By which you mean Social Security, Medicare, and Medicaid? Those programs have broad public support.
Which is largely an education problem. Diamonds have overwhelming public support and are essentially a scam. We need to build sustainable, healthy systems that work for our population and don't make naive assumptions like infinite growth.
This is extremely misinformed.
Social Security Retirement, Survivors, and Disability Insurance are entitlement programs, and by far account for the vast majority of this budget (along with the Medicare that most of these individuals are entitled to have). You do not have a right to it, and you are obligated to participate in the insurance program by paying taxes. They are payed for by the individual worker and in some cases, partially, by the employer, via FICA taxes deducted from your US paycheck. Other taxes may be withheld from your paycheck, which lower income individuals will get money back from the IRS for, upon filing their taxes. But, this is not the case for FICA taxes.
The issue is that actuaries have not properly estimated the costs of things like Medicare, and then Congress has really never updated the tax code to account for proper FICA taxes for future projections.
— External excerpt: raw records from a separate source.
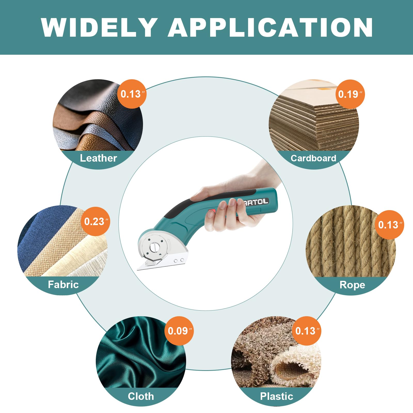 - [Say goodbye to hand strain and uneven cuts!] The GARTOL Cordless Electric Scissors are your perfect crafting companion, meticulously designed to handle a wide range of materials with ease. Featuring a robust 11,000 RPM motor, this high-performance tool slices smoothly through fabric, leather, cardboard, and plastic, allowing you to focus on bringing your creative ideas to life—whether you're sewing, crafting, or tackling a DIY project.
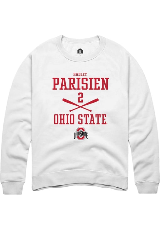 Hadley Parisien Rally Mens White Ohio State Buckeyes NIL Sport Icon Crew Sweatshirt
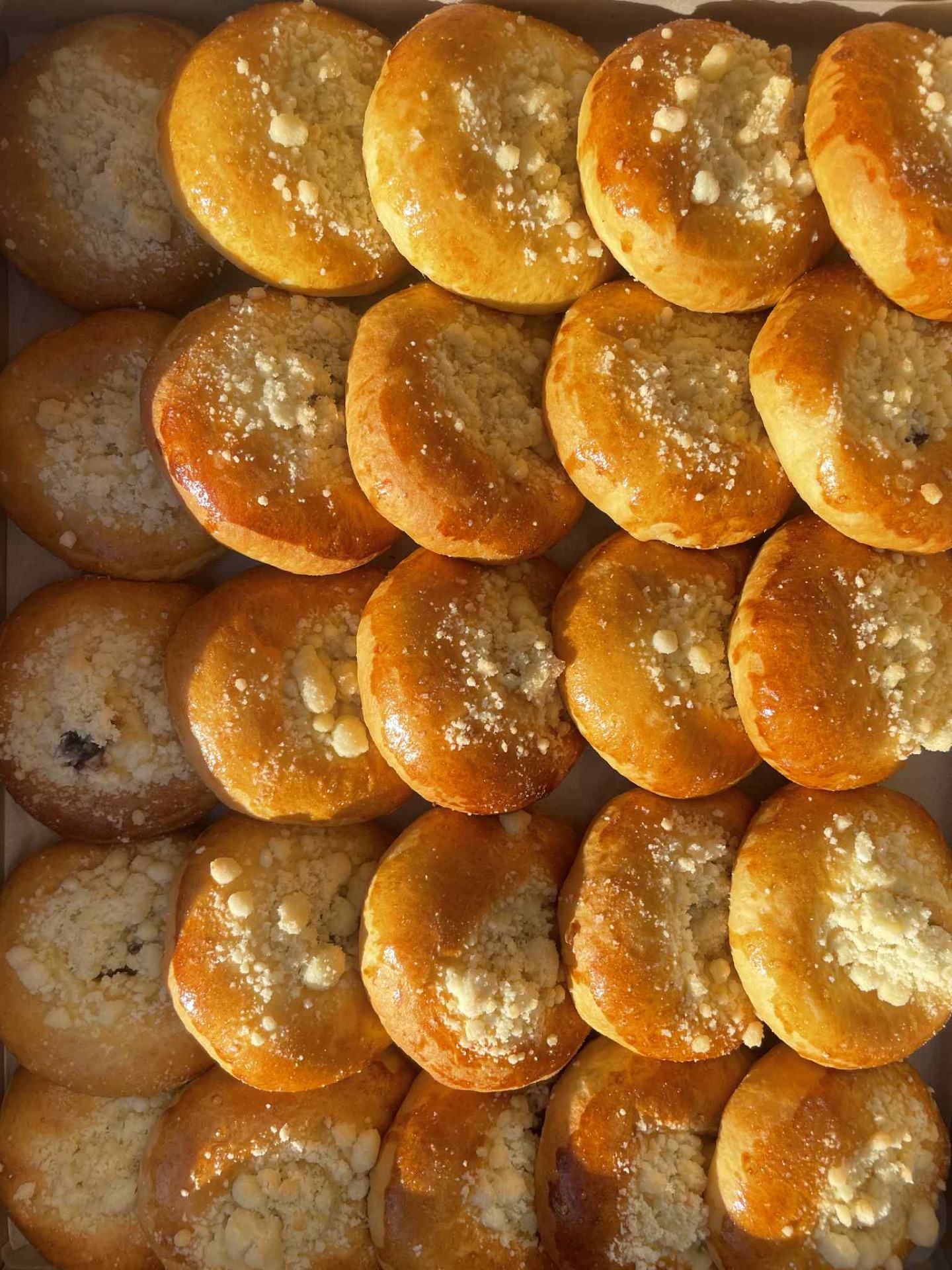 Frgále pečeme pouze borůvkové, každý den kromě neděle, stejně jako koláčky. Obojí lze objednat (menší počet) i jeden den předem, pokud již není náš maximální denní limit 200 ks koláčků naplněn. Velké objednávky přijímáme na zálohu, stačí den předem, nebo využijte náš e-shop.
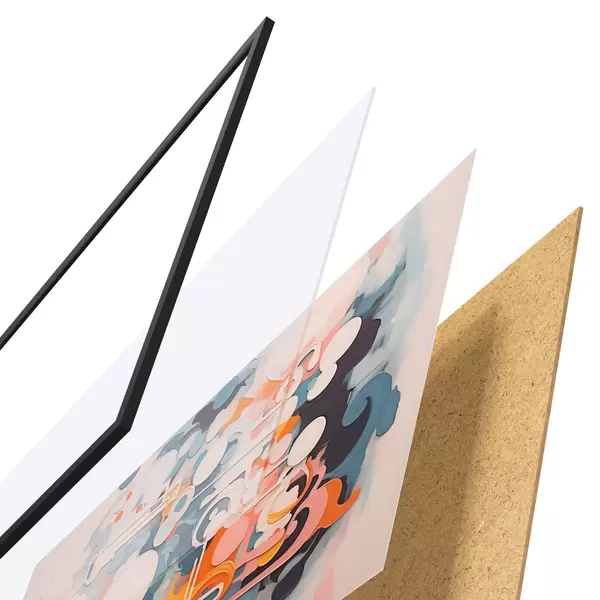 El póster consta de marco, plexiglás, imagen impresa y soporte de aglomerado. El póster puede colgarse inmediatamente en la pared gracias a los soportes de la parte posterior.
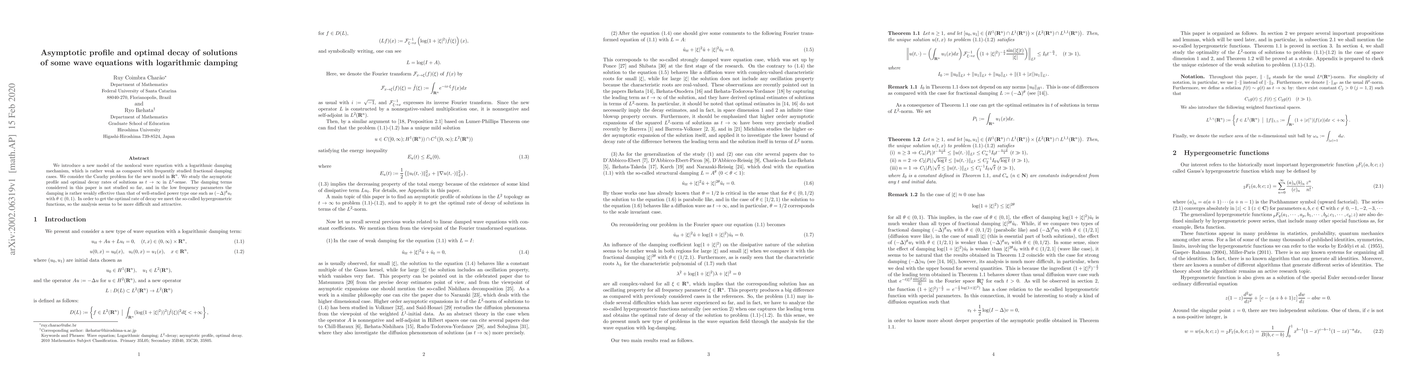 We introduce a new model of the nonlocal wave equations with a logarithmic damping mechanism. We consider the Cauchy poroblem for the new model in the whole space. We study the asymptotic profile and optimal decay and blowup rates of solutions as time goes to infinity. The damping terms considered in this paper is not studied so far, and in the low frequency parameters the damping is rather weakly effective than that of well-studied fractional type of nonlocal damping. In order to get the optimal estimates in time we meet the so-called hypergeometric functions with special parameters.
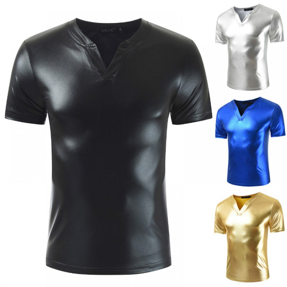 Men's T-Shirt V-Neck Solid Color Shiny Nightclub Design Dynamic Fashion Sexy Men's Short Sleeve T-Shirt
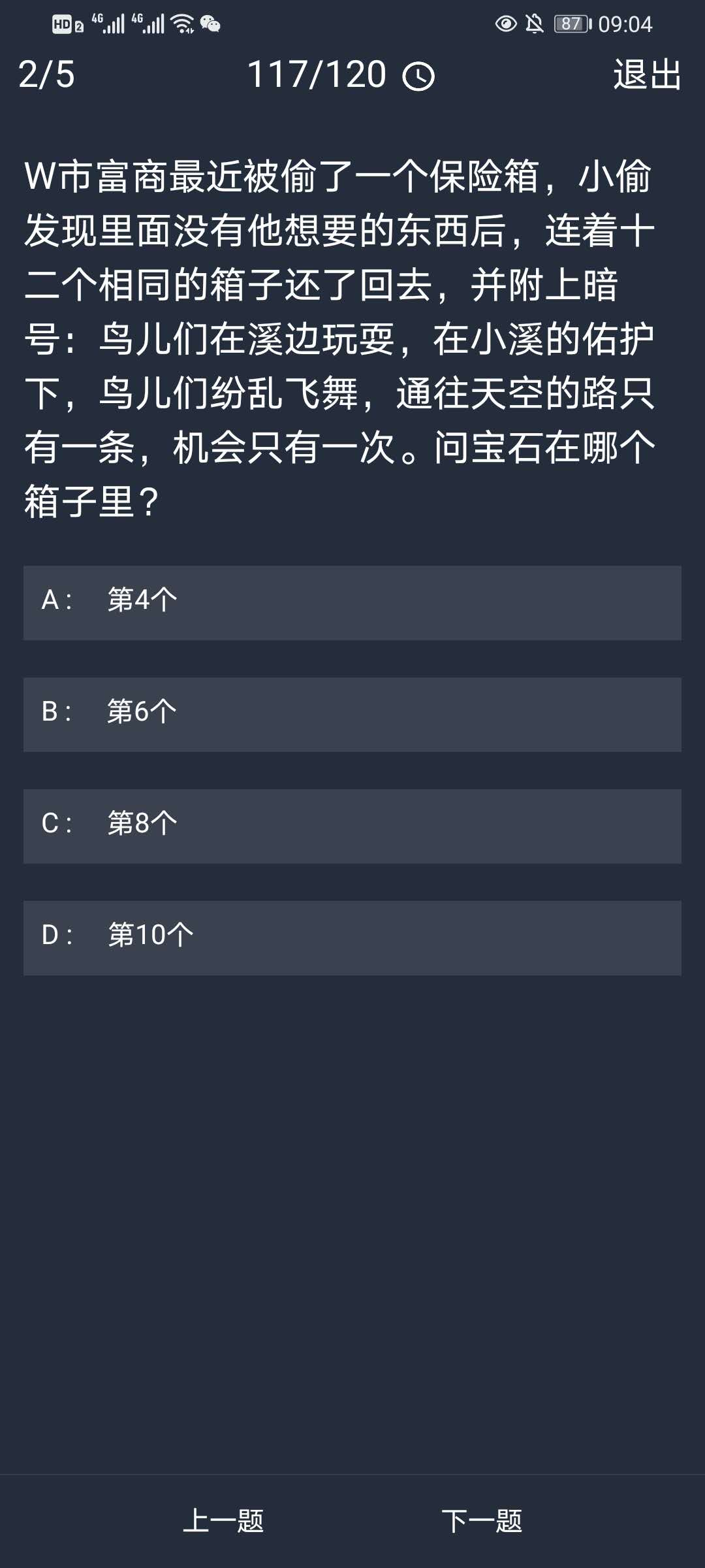 2、W市富商最近被偷了一个保险箱,小偷发现里面没有他想要的东西后,连着十二个相同的箱子还了回去,并附上暗号:鸟儿们在溪边玩耍,在小溪的佑护下,鸟儿们纷乱飞舞,通往天空的路只有一条,机会只有一次。问宝石在哪个箱子里?
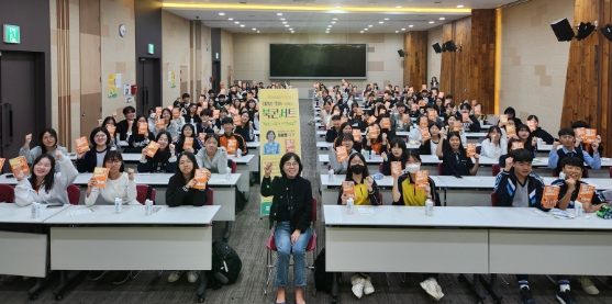 최원형 작가는 북콘서트에서 저서 ‘왜요, 기후가 어떤데요?’ 관련 퀴즈 풀기(미니 골든벨), 기후 위기시대에 청소년이 가져야 할 태도와 일상에서 실천할 수 있는 환경보호 방법 등을 강의했다.

Bottom line though is we are taking in about 3.5 and spending about 7. We are well past 'buy one less bomber'.
A just system would be something like "invest 15% of your income in XYZ approved categories, or pay a penalty tax on up to 15% of your income". This effectively mandates citizen savings via penalizing irresponsible spending/lack of savings.
"We'll tax you and we pinky promise to pay you back someday... totally investing that money and not spending it now then printing more when we need to pay up" is both so insane and obvious an outcome I suspect leaded gasoline played a role in societal acceptance.
Likewise, not true. I find your comment to be extremely offensive, too.
I have 2 rare immune-mediated neurological diseases affecting my peripheral nervous system plus type 1 diabetes. I worked nearly full-time at university, while going to university full-time, while still making good grades in undergraduate, in electrical engineering. I had to do this just to keep medical insurance so I would not die.
Anyways, I was extremely sick from age 18 on at university. I was misdiagnosed, and my health problems were blamed as "diabetes complications". I found out that I had a very rare neurological disease, that very likely caused my type 1 diabetes, when I was 22.
I was declared disabled by the Social Security Administration at age 21. I am sure I am not the only one, and some people incur costs that cannot be paid for by just "saving up". This especially applies for medical care. In my case, I really had no chance whatsoever to do this.
By the way, I am off of disability now.
That's great to hear! The issue I take with your story is not that you got help, but that a government mandated retirement program should never have been retrofitted to provide socialized health care. It is an absolutely terrible design.
I'm not going to write a blog post about my theory for an optimal health care system architecture, but I suspect we would agree that a lot of things are wrong and need to be redesigned.